Written by John Finn 330-263-2145 Email Story | Print Story

May 17, 2004

Recipients of a $320,300 National Science Foundation grant are (clockwise from left): Mark Snider, assistant professor of chemistry, Dean Fraga, associate professor of biology, and Paul Edmiston, assistant professor of chemistry.

WOOSTER, Ohio - A sudden burst of energy. For world-class athletes headed to the Olympic Games in Athens this summer, it could be the difference between Gold and Silver. For smaller, less-heralded organisms, it could be the difference between life and death.

At the heart of it all is an enzyme involved in the muscle function of most, if not all, organisms, which helps maintain a reserve of energy for use when these sudden bursts are required, and three scientists at The College of Wooster are working collaboratively to learn more about it.

Mark Snider, assistant professor of chemistry and principle investigator (PI) for the grant, Paul Edmiston, assistant professor of chemistry and co-PI, and Dean Fraga, associate professor of biology and co-PI , have been awarded a three-year, $320,300 grant from the National Science Foundation to study the nature of this enzyme and how it functions.

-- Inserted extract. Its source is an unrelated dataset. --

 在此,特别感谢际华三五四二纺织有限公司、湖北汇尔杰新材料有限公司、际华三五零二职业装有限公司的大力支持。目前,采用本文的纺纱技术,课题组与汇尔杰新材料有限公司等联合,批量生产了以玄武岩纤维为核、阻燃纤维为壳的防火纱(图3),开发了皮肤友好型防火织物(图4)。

The project was originally started by Charles Borders, professor of chemistry emeritus at Wooster. "Through his enthusiasm, the three of us became interested in and excited about the project," says Fraga. "Following his retirement, we decided to continue and expand on his work because it provided a perfect context for engaging in collaborative research and a wonderful forum for teaching students basic scientific skills. It is an affirmation of a growing partnership between the departments of chemistry and biology."

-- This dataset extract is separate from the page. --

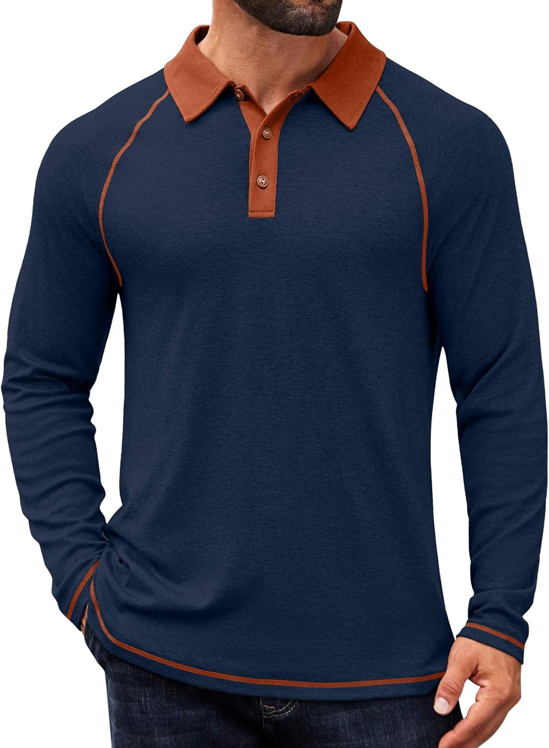 COOFANDY Mens Long Sleeve Polo Shirts Casual Button Collared Shirts Raglan Golf T Shirt

The grant supports three interlinked projects designed to get at several fundamental questions about this important enzyme, which uses the protein creatine kinase to provide short, sudden bursts of energy often required in muscles.

People may remember that several years ago creatine was a rage among athletes, who would "load up" before an event in the hopes of unleashing that sudden burst of energy at just the right moment. Snider points out that the process is much more complicated. "Excessive amounts of creatine have little value and cell's cannot store much of it," he says. "What we are trying to determine is what makes this happen. How does the protein work fundamentally?"

The first question that Fraga, Edmiston, and Snider will ponder is why the enzyme is built the way it is. "We're looking at how a particular structure dictates specific biochemical functions, much as one might ask how a building's structure dictates its function," explains Fraga. "For example, a restaurant is built much differently than a motel because the functions of each is different."

The second question to be addressed by the three scientists is how this enzyme evolved into the various forms and functions that are present today. "We see many different forms of phosphagen kinase in various species," says Fraga. "We would like to learn why these differences exist."

The third question is how the biochemical differences in this enzyme family result in different physiological functions across organisms. In other words, can the small differences in biochemical structure and function be measured, and do they result in differences in observed physiological functions of organisms? "Intriguingly, we have also identified five unique forms of the enzyme in a single organism," explains Snider. "One of things we hope to discern is whether the five forms perform different functions, or if their functions are redundant. At first glance, there appear to be some exciting new mechanisms to be explored."

These questions will be addressed by using a combined biochemical and molecular biology approach that will involve up to 45 Wooster students over the next three years. The grant will support the research and be used to purchase equipment and supplies necessary to conduct these experiments, including the removal of the protein from a cell. "One way to determine the function of something is to take it out and see what happens," says Fraga. "We will be looking at performance in micro-organisms with and without this protein."

While the research is narrowly focused, Edmiston says that the three researchers have the big picture in mind. "Our interest is in how and why proteins evolved the way they did," he says. "Investigating this family of enzymes is like looking at a huge picture with a very small flashlight."

Wooster's NSF grant was one of seven given the highest possible rating among 89 proposals, including a number submitted by large research universities. Overall, only 15-20 percent of all submitted proposals were funded by the Metabolic Biochemistry program. "We are grateful for the opportunity to carry on the research," says Fraga. "Forming this core research group gives us an opportunity to work across disciplines in the areas of biochemistry and molecular biology to solve a problem of mutual interest."